それを見届けたお姫様は、私の方を向いて微笑みかけます。
「さあ、ニーナさん。私たちもお互いのことをゆっくり話し合いましょうか。私たちはもっと仲良くなれると思いますしね」
「い、いえ……ほら、アカネさんとエレナさんもいますし!」
「あら?勿論、その二人も呼んでもらって構いませんわよ?増えるのはむしろ嬉しいことですし……それに、時間もあることですし」
怪しげな笑みを浮かべながら、私に近づいて来るお姫様。私は後ずさったものの、壁にぶつかってしまい、逃げられなくなってしまいました。
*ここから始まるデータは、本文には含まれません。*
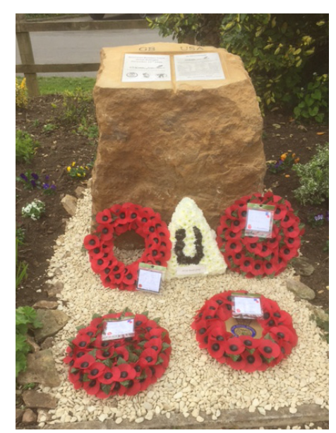
Wreaths adorn the newly unveiled monument
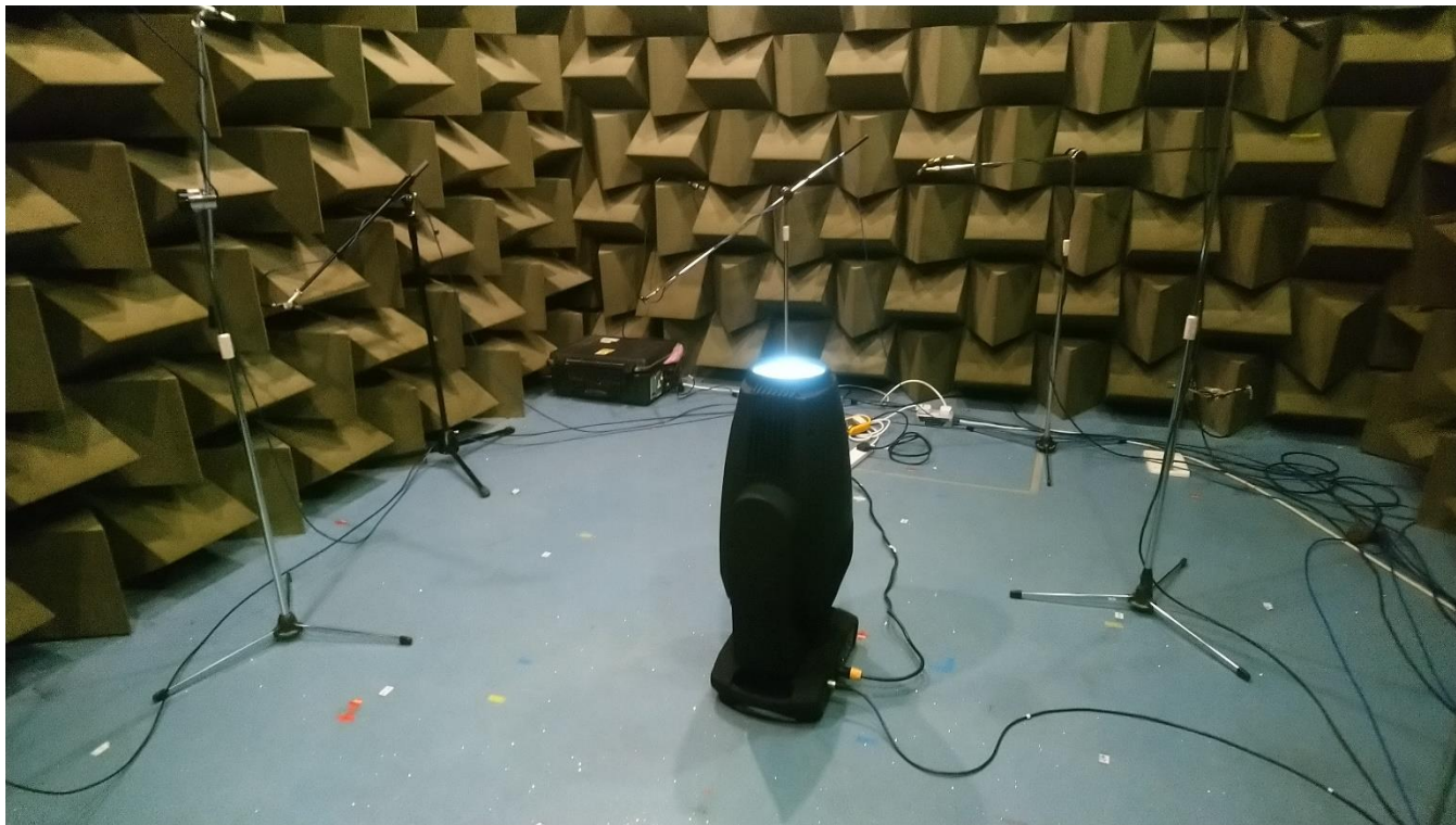
Figure 1 – unit under test mounted in the hemi-anechoic chamber at the University of Salford.

「ふふ、あの男のことなんて、すぐに忘れさせて差し上げます………」
私に手を伸ばすお姫様。もう駄目だ!と思って、目を閉じました。
「そんな時間はないと思うがな」
底冷えのするような声。私はパッと目を開け、お姫様もすぐに振り返りました。
「あ、あなた……何故!?」
「何故と言われてもな。あそこまで錬度の低いやつらに負けるわけもないだろう?まだ、騎士団長とやらの方がマシだったな」
私が師匠さんの後ろを見れば、あれほどいた女の人たちがみんな倒れています。辛うじて立っているのは、ユーリさんだけでした。でも………
「ひ、ひどい………」
ユーリさんの鎧はボロボロで、あちこちが傷だらけでした。なんとか立ててはいますが、それも剣を杖代わりにしてやっと、といった様子です。
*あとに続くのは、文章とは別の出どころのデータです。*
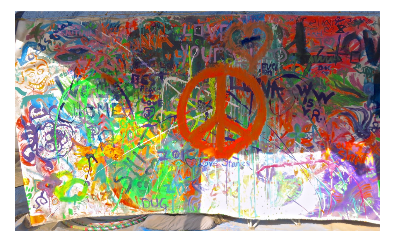
11. Co-created canvas at the end of Shambhala (2015)
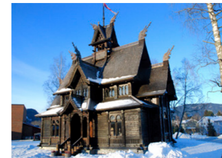
Thams pavillion.

Duration: 2 hours Kayak adventures are not solely for the wilderness. On this kayaking adventure you'll experience Trondheim's architecture and nature from water front and paddle along the famous wharves down the river Nidelven.
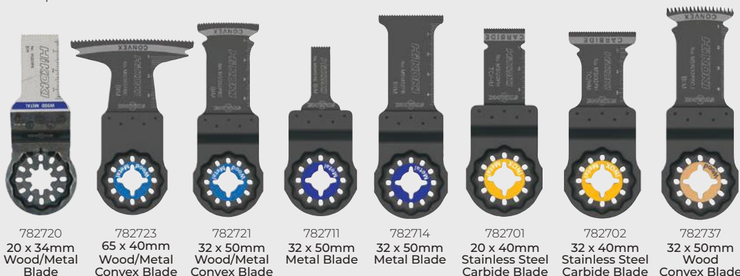
782720 20 x 34mm Wood/Metal Blade

Compatible with HiKOKI CV18DBL & CV18DA Multi Tools.
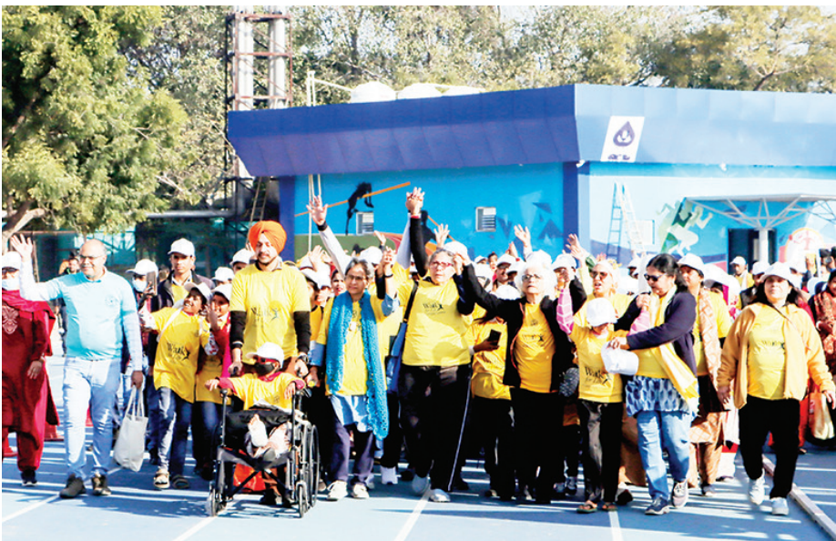
Cancer survivors, doctors, volunteers and others take part in the 19th annual 'Walk For Life - Stride Against Cancer' walkathon organised by CanSupport at the JLN Stadium, in New Delhi on Sunday.

Drawing on his own background as a product of the government school system, he reaffirmed his dedication to prioritising the quality of education. Sukhu also highlighted the state's aggressive push to promote sports and sports tourism. He announced that the state government would provide employment opportunities to female athletes from Himachal Pradesh who have recently competed in the Asian Games. To celebrate the victory of the Himachal team in the National Handball Championship, he announced a cash prize of Rs 20 lakh.
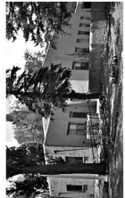
Nurses' Quarters Courtyard
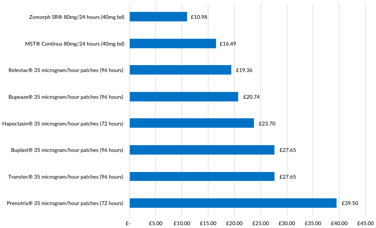
Chart 3: Comparison of 28 day cost<sup>9</sup> of 35mcg/hr buprenorphine patches to 60mg daily SR oral morphine<sup>8</sup>

Note: Generic morphine sulphate SR capsules prices are the same as Zomorph® SR capsules.
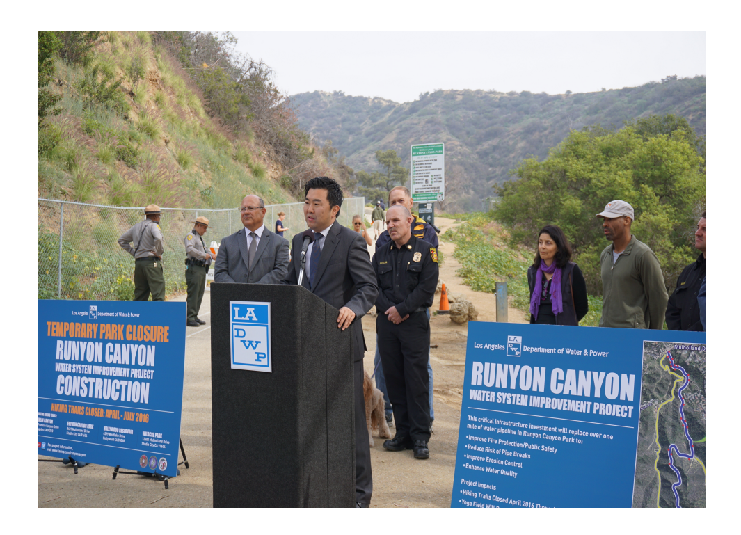
For more information, click here .
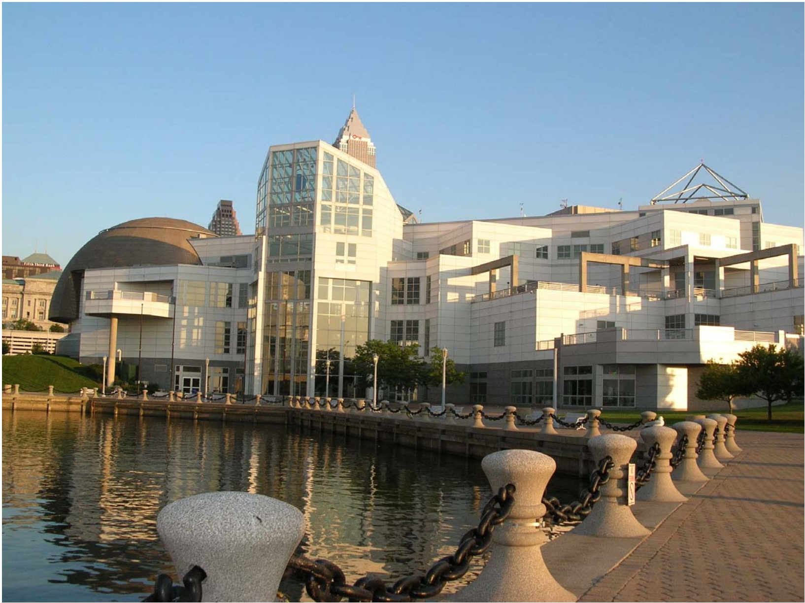
Cleveland's Science Museum next to the Hall of Fame

けれど、師匠さんは気にした様子もありません。まったくの無表情です。
「当たり前だろう。ここに戦いに来たんだからな。ああなることも覚悟していただろうに」
「でも!」
「……綺麗事を言えば、何かが変わるとでも?お前は鬱陶しいな」
冷たい目で睨まれ、私は声を出せなくなってしまいます。しばらく睨んだ後、はあ、とため息をつきました。
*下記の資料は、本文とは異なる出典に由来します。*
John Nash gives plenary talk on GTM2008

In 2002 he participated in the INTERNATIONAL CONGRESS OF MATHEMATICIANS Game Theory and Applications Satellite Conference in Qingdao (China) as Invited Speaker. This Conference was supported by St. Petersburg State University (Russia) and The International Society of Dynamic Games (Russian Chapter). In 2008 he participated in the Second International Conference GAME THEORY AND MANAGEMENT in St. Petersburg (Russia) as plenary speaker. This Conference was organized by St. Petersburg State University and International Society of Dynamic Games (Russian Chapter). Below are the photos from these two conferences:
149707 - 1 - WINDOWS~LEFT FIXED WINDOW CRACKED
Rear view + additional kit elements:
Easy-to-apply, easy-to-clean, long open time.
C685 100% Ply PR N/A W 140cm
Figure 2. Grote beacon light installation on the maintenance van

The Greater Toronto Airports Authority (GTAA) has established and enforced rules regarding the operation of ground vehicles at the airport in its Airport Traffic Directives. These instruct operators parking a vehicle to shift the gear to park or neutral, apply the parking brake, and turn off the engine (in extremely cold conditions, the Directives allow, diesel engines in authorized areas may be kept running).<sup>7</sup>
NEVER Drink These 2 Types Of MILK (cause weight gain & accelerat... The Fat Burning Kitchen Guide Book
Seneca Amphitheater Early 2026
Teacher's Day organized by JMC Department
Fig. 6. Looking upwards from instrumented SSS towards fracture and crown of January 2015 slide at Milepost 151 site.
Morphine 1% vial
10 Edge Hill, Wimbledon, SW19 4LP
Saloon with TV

「まあいい。これでお前たちを守るやつはどこにもいない。人質になってもらうぞ。4人合わせてな」
「4人……って、まさか!」
「ああ、そちらの姫にも人質になってもらう。取引が成立するかもしれんからな。役に立たなければ、別の使い方をすればいい」
師匠さんと目が合った瞬間、お姫様は肩を揺らしました。昔のことを思い出してしまったのかもしれません。
「あなたは……あなたの目的は何なんですか!どうしてこんなことを………!」
「……そうだな。まあ、教えてやってもいいだろう」
師匠さんは何かを取り出しながら、自分のことを語り出しました。どうして貴族を殺しているのか。どうして戦い続けるのかを。